There are some other analyses you can perform by clicking links at the bottom “Analysis” section of the cohort/VCF page, eg:
Gene/Sample Matrix - Shows number of variants that meet a certain criteria per gene. Access by clicking “View gene damage counts for this cohort”
Cohort Hotspots graph - access by clicking “View gene hotspots for this cohort”
Trios
Menu: [patient] -> [trios]
A trio is a collection of 3 samples (mother/father/proband) which are frequently analysed together in high throughput sequencing, as they have a number of standard analyses.
Creating a trio
It is far better to upload a trio within the same multi-sample VCF. If not, you must first create a cohort containing the 3 samples/
View the VCF or cohort, select exactly 3 samples then click the [Perform Trio Analysis using template] button.
Creating a Trio
The Trio wizard will now open, showing the 3 samples and patient / phenotype info.
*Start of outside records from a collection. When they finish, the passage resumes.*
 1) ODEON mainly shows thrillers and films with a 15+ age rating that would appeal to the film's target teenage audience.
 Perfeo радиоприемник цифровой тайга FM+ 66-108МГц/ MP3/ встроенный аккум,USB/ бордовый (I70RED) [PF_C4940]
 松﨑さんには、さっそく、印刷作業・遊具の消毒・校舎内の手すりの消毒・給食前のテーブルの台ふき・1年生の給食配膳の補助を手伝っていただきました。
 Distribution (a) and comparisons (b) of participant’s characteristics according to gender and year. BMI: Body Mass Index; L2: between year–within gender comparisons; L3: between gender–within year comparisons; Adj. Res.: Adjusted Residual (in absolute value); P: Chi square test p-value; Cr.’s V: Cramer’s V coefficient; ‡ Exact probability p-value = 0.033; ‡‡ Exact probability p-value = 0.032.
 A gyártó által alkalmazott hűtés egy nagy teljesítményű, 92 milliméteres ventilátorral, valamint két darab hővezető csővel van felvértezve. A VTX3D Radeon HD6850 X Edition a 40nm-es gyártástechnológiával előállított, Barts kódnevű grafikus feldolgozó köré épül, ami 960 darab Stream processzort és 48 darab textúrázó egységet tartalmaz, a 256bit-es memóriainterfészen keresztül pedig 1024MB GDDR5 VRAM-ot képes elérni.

Assign samples (1 each to mother/father/proband) and check mother or father affected if they also have the disorder.
Digital karyomapping
By checking a trio’s zygosity, it’s possible to perform a number of relatedness calculations, see karyomapping.
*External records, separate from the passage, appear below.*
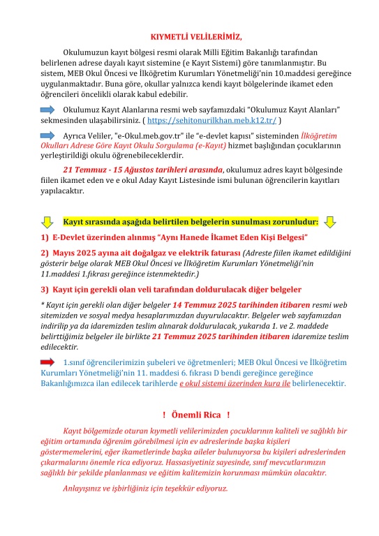 Kayıt bölgemizde oturan kıymetli velilerimizden çocuklarının kaliteli ve sağlıklı bir eğitim ortamında öğrenim görebilmesi için ev adreslerinde başka kişileri göstermemelerini, eğer ikametlerinde başka aileler bulunuyorsa bu kişileri adreslerinden çıkarmalarını önemle rica ediyoruz. Hassasiyetiniz sayesinde, sınıf mevcutlarımızın sağlıklı bir şekilde planlanması ve eğitim kalitemizin korunması mümkün olacaktır.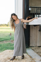 Taryn 100% Cotton Open Back Knit Maxi Dress in Smoke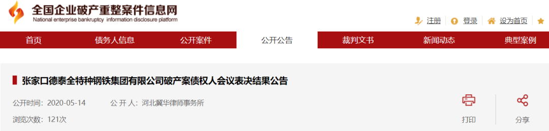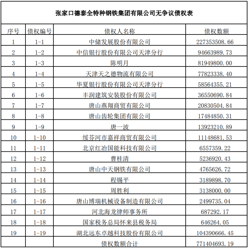 張家口德泰全特種鋼鐵集團有限公司破產清算案債權人會議由河北省張家口市中級人民法院召集于2019年2月22日在張家口市懷來縣懷來賓館召開,指定中儲發展股份有限公司擔任債權人會議主席。2019年5月27 日,在張家口市中級人民法院,由債權人會議主席中儲發展股份有限公司李殿安主持、債權人會議主席指定的程錫平、付景龍兩名監票人監督下,就有表決權的債權人對債權人委員會成員選舉、債權核查、債權人委員會議事規則、債務人財產變價(處置)初方案、債務人財產分配初方案的郵寄的表決票現場開封、現場進行了統計并對統計結果進行了簽字確認。 表決確認的結果如下: 一、債權核查結果 提交表決票的有表決權的債權人共計18人(唐山燕翔商貿有限公司債權轉讓給唐山齒輪集團有限公司,該兩筆債權合并按一筆計),管理人收到選票為18票。 對管理人已認定債權表中記載的19筆債權,除國家稅務總局懷來縣稅務局對自己的債權646264.05元提出異議外,其他債權均無人表示異議。 對管理人不認定債權24筆,無異議的共23人;對不認定結論有異議的有1人,為周勝利對不認定王國紅債權1385252.40元提出異議,理由為該案正在再審中。 對暫不認定債權表中記載的債權無人提出異議。 二、債權人委員會成員選舉結果 提交表決票的有表決權的債權人共計18人(唐山燕翔商貿有限公司債權轉讓給唐山齒輪集團有限公司,該兩筆債權合并按一筆計),管理人收到選票為18票,選舉結果為無人通過法定半數,本次選舉未產生債權人委員會成員。 三、《債權人委員會議事規則》表決結果 提交表決票的有表決權的債權人共計18人(唐山燕翔商貿 有限公司債權轉讓給唐山齒輪集團有限公司,該兩筆債權合并 按一筆計),管理人收到表決票為18票,同意《債權人委員會 議事規則》的有17票,占有表決權的債權人人數的94.44%,其債權數額占無財產擔保債權總額的86.47%;不同意該規則的有1票,其債權數額占無財產擔保債權總額的13.53%。同意該規則的已過法定半數。 經投票表決,通過《債權人委員會議事規則》。 四、《債務人財產變價(處置)初方案》表決結果 提交表決票的有表決權的債權人共計18人(唐山燕翔商貿 有限公司債權轉讓給唐山齒輪集團有限公司,該兩筆債權合并 按一筆計),同意《債務人財產(處置)初方案》的有16人, 占有表決權的債權人人數的88.89%,其債權數額占無財產擔保債權總額的78.88%;不同意該方案的有2人,其債權數額中無財產擔保債權總額的21.12%。同意該初方案的已過法定半數。 經投票表決,通過《債務人財產變價(處置)初方案》 五、《債務人財產分配初方案》表決結果 提交表決票的有表決權的債權人共計18人(唐山燕翔商貿3有限公司債權轉讓給唐山齒輪集團有限公司,該兩筆債權合并 按一筆計),同意《債務人財產分配初方案》的有14人,占有表決權的債權人人數的77.78%,其債權數額占無財產擔保債權總額的80.7%;不同意該方案的有4人,其債權數額占無財產擔保債權總額的19.3%。同意該初方案的已過法定半數。 經投票表決,通過《債務人財產分配初方案》。根據《中華人民共和國企業破產法》第六十四規定,本次會議就上述議題作出決議如下: 1. 通過《債權人委員會議事規則》,管理人嚴格按方案執行; 2. 通過《債務人財產變價(處置)初方案》; 3. 通過《債務人財產分配初方案》。 債權人認為債權人會議的決議違反法律規定,損害其利益的,可以自債權人會議作出決議之日起十五日內,請求人民法 院裁定撤銷該決議,責令債權人會議依法重新作出決議。 債權人會議的決議,對于全體債權人均有約束力。 特此公告。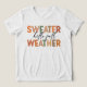 This vibrant fall artwork perfectly captures the cozy essence of the season with its playful typography and warm color palette. The design features the bold phrase "Sweater Weather" in large, blocky letters that alternate in shades of orange, beige, green, and brown, evoking the changing colors of autumn leaves. The phrase "hello fall" is nestled in between, written in a flowing, cursive script that adds a touch of elegance and warmth to the design.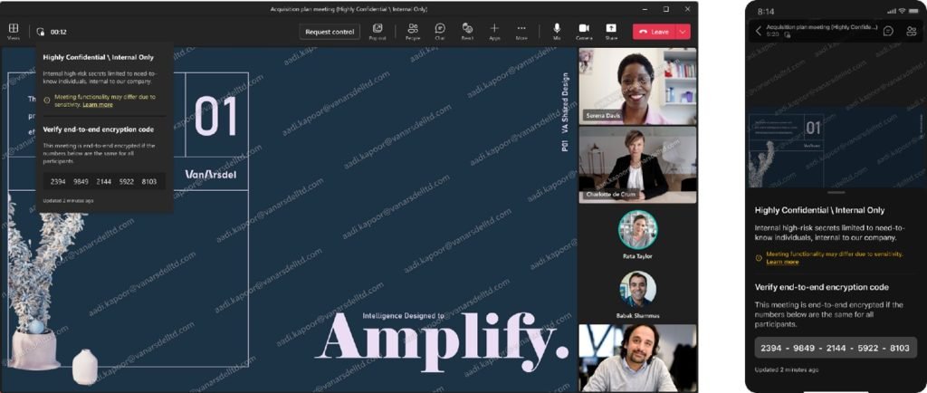 Microsoft Teams Premium biedt de mogelijkheid om watermerken toe te voegen aan vergaderingen. Watermerken helpen bij het beschermen van de privacy van deelnemers door hun namen of andere persoonlijke informatie te verbergen. Deze functie is handig voor bedrijven en organisaties die gevoelige informatie bespreken tijdens Teams-vergaderingen. Je kunt ook opnamebeperkingen instellen en end-to-end encryptie (E2EE) gebruiken voor extra bescherming tijdens gevoelige vergaderingen.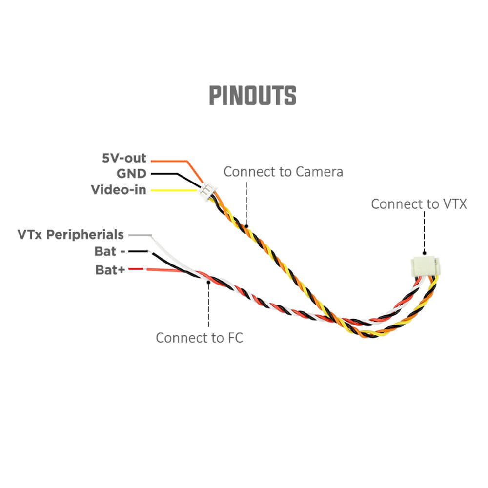 Application: Used to connect FuriousFPV VTXs with camera and FC.

A genome-wide count is automatically performed, and a summary provided on the trio page - this is useful for checking for sample mix-ups.
Trio inheritance analysis
An analysis is created using different inheritance models (see below). If either parent is affected it will also use an autosomal dominant inheritance model.
Trio inheritance analysis
The phenotype at the bottom uses the proband patient phenotypes, and sample gene lists.
Require Zygosity Calls
By default, the filters are strict and require zygosity calls in all patients - for instance the recessive inheritance model requires a variant to be HOM in proband and HET in both parents.
However that may be overly strict - one parent may have low coverage, with no variants recorded at that locus.
Click on an Trio node to open the editor - unchecking the require zygosity calls box is less strict and allow for variants that are missing due to low coverage.
Compound Het filter
Compount heterozygous means 2 variants in the same gene from different parents.
The C. Het node in the bottom right of the screenshot above is a filter node - ie it has another node connected to the top, while the other inheritance models do not.
This is because you probably don’t want every gene with >=2 variants, but rather only >=2 damaging/rare ones. Adjust the filters above the C.Het node to adjust this.
Modify the analysis as per instructions below to filter to all of them.
Pedigree
Menu: [patient] -> [pedigree]
Pedigrees describe family relationships, and marks samples as “affected/unaffected”
This and can be used to filter for inheritance models (eg recessive/dominant) in an analysis.
For the common case of 3 samples, perhaps use a Trio
To create a pedigree
Create a .ped file for your family, eg using the Phenotipes editor
Upload the .ped file to VariantGrid
Match the ped file family and cohort samples to create a Pedigree
Use an analysis PedigreeNode to apply inheritance models
Sequencing Runs
Note: This feature may not be enabled on all systems as it requires access to a network drive (eg a diagnostic lab intranet)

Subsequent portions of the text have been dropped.